● **PROBLEM STATEMENT**: Transcribe the data below verbatim from the line with "Общая численньсть мальков" to the line with "紅水河特大橋兩側(cè)橋墩". Include both of those lines.

● **EXERCISE DATA**:
==================================================

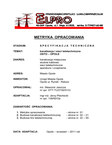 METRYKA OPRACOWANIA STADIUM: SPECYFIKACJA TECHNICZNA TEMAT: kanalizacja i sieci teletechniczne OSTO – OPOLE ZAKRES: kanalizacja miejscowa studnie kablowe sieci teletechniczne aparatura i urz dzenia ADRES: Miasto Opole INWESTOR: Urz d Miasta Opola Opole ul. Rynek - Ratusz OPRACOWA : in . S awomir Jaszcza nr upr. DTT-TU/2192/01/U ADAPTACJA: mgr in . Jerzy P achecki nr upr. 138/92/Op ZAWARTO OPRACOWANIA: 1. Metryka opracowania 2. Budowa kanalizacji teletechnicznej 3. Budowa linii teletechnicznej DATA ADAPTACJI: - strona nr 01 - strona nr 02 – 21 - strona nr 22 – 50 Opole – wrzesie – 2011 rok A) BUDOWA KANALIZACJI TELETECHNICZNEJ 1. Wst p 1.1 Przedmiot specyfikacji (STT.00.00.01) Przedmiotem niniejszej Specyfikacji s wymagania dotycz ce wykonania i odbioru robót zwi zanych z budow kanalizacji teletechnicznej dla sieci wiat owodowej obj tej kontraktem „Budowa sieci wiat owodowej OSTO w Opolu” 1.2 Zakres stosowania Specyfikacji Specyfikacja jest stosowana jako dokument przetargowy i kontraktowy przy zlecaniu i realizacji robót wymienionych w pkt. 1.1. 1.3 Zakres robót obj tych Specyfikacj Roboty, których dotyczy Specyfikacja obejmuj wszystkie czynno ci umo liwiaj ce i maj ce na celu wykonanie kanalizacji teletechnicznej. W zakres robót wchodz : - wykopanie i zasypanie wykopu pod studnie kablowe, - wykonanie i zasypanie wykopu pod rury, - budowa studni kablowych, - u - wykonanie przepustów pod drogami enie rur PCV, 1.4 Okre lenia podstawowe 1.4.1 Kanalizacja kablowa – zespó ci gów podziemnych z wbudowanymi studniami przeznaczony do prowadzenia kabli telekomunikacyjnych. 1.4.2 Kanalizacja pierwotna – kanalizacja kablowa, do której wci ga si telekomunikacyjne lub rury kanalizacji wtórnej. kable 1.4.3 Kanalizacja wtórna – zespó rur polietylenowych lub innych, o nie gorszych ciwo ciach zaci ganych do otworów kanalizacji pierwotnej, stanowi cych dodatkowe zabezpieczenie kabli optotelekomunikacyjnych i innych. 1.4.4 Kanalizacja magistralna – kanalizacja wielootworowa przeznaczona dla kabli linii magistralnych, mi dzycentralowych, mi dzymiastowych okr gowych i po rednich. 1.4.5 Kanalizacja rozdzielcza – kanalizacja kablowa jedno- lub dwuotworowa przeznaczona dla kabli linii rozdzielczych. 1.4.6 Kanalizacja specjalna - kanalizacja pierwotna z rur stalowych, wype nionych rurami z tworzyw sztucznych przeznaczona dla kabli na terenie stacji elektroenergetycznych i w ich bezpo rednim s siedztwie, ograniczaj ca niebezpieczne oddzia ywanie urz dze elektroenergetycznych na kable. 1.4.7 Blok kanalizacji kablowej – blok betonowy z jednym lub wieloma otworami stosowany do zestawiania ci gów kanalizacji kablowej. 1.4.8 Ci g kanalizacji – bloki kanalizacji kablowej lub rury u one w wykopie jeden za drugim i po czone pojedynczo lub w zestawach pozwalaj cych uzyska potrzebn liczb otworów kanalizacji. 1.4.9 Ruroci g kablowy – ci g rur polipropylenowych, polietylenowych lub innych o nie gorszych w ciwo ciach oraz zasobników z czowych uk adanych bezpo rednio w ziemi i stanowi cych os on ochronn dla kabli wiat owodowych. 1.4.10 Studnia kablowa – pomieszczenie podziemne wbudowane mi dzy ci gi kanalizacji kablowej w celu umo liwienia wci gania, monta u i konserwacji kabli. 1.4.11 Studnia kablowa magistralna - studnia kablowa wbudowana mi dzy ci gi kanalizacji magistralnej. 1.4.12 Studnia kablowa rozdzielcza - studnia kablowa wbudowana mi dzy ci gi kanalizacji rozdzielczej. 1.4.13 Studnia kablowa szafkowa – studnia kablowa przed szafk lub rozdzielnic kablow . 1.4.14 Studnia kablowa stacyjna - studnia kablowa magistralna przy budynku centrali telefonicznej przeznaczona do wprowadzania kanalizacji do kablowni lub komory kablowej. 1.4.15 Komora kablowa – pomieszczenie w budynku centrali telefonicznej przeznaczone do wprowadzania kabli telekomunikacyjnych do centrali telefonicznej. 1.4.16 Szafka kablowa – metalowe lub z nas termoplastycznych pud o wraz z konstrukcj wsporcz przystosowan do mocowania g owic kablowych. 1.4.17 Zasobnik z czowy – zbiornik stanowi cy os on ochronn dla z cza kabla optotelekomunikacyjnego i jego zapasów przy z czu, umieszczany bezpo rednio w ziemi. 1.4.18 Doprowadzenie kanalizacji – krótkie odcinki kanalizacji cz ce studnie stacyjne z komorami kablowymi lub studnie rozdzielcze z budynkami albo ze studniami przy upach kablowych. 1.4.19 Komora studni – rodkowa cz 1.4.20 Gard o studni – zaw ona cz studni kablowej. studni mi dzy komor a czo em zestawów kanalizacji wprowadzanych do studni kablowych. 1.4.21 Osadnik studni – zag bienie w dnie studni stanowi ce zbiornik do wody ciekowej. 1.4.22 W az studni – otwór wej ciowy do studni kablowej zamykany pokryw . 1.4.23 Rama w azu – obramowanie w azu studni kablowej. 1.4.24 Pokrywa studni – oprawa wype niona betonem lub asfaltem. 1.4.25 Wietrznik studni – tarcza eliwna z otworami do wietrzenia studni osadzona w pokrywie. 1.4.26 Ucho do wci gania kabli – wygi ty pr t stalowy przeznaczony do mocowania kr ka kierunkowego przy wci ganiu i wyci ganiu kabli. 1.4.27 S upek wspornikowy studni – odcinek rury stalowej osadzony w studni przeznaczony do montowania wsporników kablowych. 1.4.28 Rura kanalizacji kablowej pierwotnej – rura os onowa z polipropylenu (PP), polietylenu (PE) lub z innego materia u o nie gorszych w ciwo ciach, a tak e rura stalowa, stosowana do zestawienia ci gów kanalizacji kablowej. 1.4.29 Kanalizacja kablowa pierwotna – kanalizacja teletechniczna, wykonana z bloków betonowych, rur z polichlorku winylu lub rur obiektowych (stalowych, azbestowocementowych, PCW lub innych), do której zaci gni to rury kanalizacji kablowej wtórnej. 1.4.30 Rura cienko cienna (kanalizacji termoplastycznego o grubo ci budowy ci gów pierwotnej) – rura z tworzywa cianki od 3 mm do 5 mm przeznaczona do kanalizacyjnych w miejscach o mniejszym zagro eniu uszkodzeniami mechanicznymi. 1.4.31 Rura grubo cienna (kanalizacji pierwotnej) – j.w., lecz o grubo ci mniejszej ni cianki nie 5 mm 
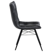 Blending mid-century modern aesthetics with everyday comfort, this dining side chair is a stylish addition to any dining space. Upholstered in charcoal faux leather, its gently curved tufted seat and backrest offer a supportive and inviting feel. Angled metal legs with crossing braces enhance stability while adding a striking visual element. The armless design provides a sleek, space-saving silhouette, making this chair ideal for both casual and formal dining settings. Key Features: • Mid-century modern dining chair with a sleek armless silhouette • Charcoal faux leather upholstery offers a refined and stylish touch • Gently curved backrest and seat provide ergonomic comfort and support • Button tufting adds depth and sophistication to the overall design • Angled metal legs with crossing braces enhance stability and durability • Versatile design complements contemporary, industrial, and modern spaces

==================================================

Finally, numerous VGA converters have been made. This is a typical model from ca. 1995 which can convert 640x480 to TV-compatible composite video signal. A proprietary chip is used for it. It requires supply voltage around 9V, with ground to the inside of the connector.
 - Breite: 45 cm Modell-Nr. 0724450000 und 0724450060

==================================================

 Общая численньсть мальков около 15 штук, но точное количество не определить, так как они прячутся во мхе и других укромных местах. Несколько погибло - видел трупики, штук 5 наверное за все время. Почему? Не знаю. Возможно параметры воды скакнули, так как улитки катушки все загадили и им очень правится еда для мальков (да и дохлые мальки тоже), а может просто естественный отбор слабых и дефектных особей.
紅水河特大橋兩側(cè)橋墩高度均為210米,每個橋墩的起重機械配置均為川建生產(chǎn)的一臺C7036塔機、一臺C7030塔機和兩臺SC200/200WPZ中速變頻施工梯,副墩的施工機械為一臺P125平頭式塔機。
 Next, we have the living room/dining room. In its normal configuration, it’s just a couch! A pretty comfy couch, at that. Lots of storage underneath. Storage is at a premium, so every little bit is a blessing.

==================================================

● **TASK SOLUTION**:
 Общая численньсть мальков около 15 штук, но точное количество не определить, так как они прячутся во мхе и других укромных местах. Несколько погибло - видел трупики, штук 5 наверное за все время. Почему? Не знаю. Возможно параметры воды скакнули, так как улитки катушки все загадили и им очень правится еда для мальков (да и дохлые мальки тоже), а может просто естественный отбор слабых и дефектных особей.
紅水河特大橋兩側(cè)橋墩高度均為210米,每個橋墩的起重機械配置均為川建生產(chǎn)的一臺C7036塔機、一臺C7030塔機和兩臺SC200/200WPZ中速變頻施工梯,副墩的施工機械為一臺P125平頭式塔機。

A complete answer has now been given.